Policy & Enforcement Briefing: Shipping Emissions Standstill, City’s Feed-In Tariff, China Misses 2011 Target

by | Mar 7, 2012

The International Maritime Organization (IMO) has yet to come up with a plan to cut carbon dioxide emissions from international shipping, after concluding a week of committee-level talks. Discussions on market-based measures will resume in October when the Marine Environment Protection Committee meets again. The EU has threatened to enforce its own shipping regulations if the IMO fails to act, as it has with aviation, Reuters said.

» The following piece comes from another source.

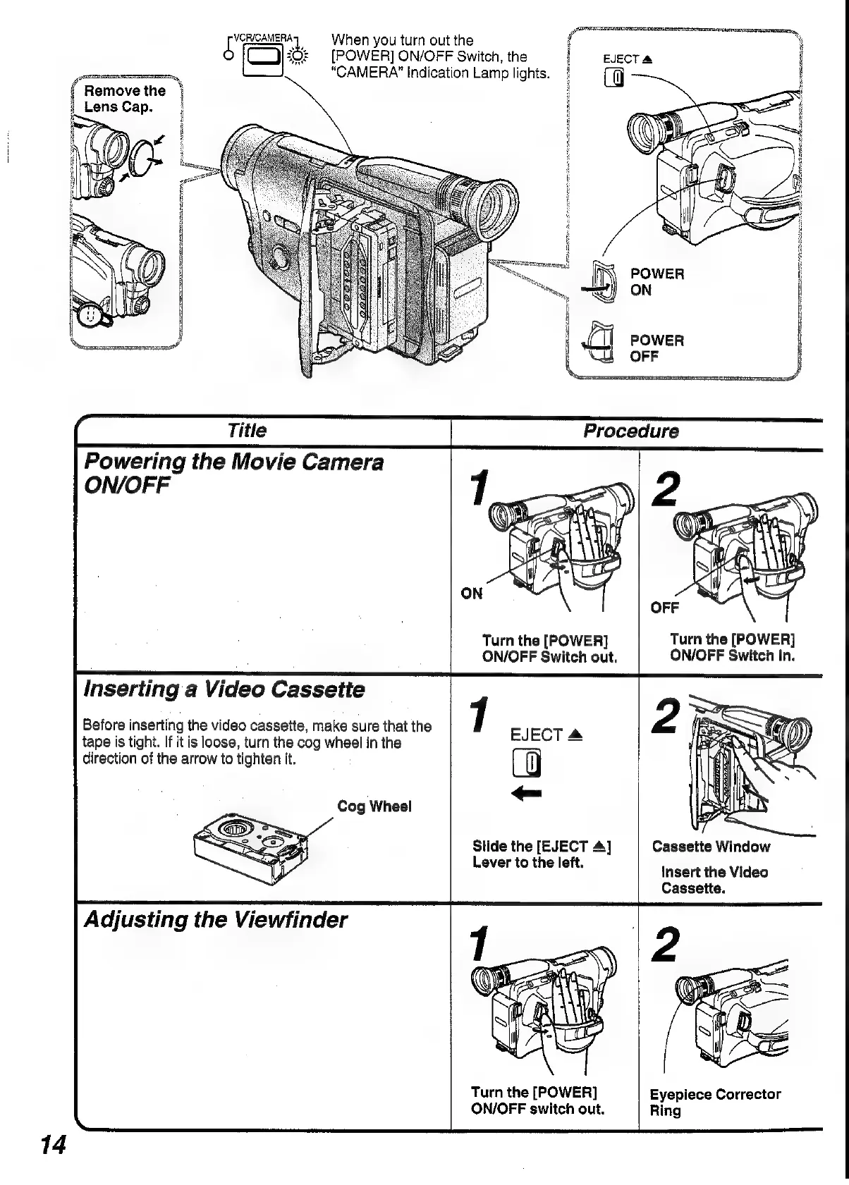 Panasonic NV-RX1A - Powering the Movie Camera ON;OFF; Inserting a Video Cassette; Adjusting the Viewfinder

In a move usually taken by national or provincial governments, the city of Palo Alto, Calif., has announced a solar feed-in tariff program within its boundaries, called CLEAN (Clean Local Energy Accessible Now). The program will unfold over multiple years, but this year it will involve the purchase of up to 4 MW from Palo Alto solar resources. Minimum project size is 100 kW, and the purchase prices the city will pay range from about 12 to 14 cents/kWh per the length of the contract, the city said.

Coffeyville Resources Refining & Marketing (CRRM) has reached an agreement with the EPA and the Department of Justice for allegedly making modifications to its refinery that increased emissions without first obtaining pre-construction permits and installing required pollution control equipment. CRRM will pay a civil penalty of more than $970,000, and invest an additional $10.75 million on new pollution controls and operating costs to resolve alleged violations of air, superfund and community right-to-know laws, the EPA said.

China cut energy intensity for each unit of gross domestic product by 2.01 percent in 2011, but missed its target of 3.5 percent for the year. The country’s head of the National Development and Reform Commission said this was due to a drought that affected hydropower resources, but said China will meet its five-year projection for saving energy and curbing greenhouse gases through 2015, Bloomberg reports.

The United Nations Framework Convention on Climate Change (UNFCCC) announced a new Clean Development Mechanism (CDM) arrangement for clean rural electrification that will allow rural households to swap kerosene lamps and diesel generators for certified emission reduction (CER) credits. Registered projects that install renewable generation technologies in communities with no access to electricity may earn credits if 75 percent of the consumers are households.

Fifty-two senators, most of them Democrats, missed the required mandate of 60 votes to move on with the $160 billion highway bill without a proposed amendment to authorize Keystone XL construction. A deal on the highway bill will depend on stand-alone votes in the Senate on additional amendments including offshore oil drilling and EPA clean air rules, Reuters said.

In a roundup of congressional hearings, The Hill reports that today, the House Energy and Commerce Committee panel will examine rising gas prices at a hearing, and the Senate Energy and Natural Resources Committee will hold a hearing on the U.S. Forest Service budget.

Energy Secretary Steven Chu will speak Thursday during a hearing of a House Energy and Commerce Committee panel to review his department’s fiscal 2013 budget request, but gas prices are also expected to be a topic. Also Thursday, a Commerce Committee panel will review NOAA’s budget.

On Thursday, a subcommittee of the House Appropriations Committee will look at the Nuclear Regulatory Commission budget. Also Thursday, the panel will look at the budgets of Interior’s Bureau of Ocean Energy Management and the Bureau of Safety and Environmental Enforcement, The Hill said.

The Department of the Interior hosted policymakers and members of the government science community to discuss an ecosystem-based framework for the Alaska Arctic that would focus on ecological areas that support special wildlife, land or water resources, as well as areas important for local communities, the DOI said.

The Advanced Research Projects Agency – Energy (ARPA-E) has announced a $150 million fund open to all energy technologies in early-stage research projects that may not otherwise to attract private investment, but could lead to breakthrough energy technologies. Individual awards under the Open FOA will range between $250,000 and $10 million, the agency said.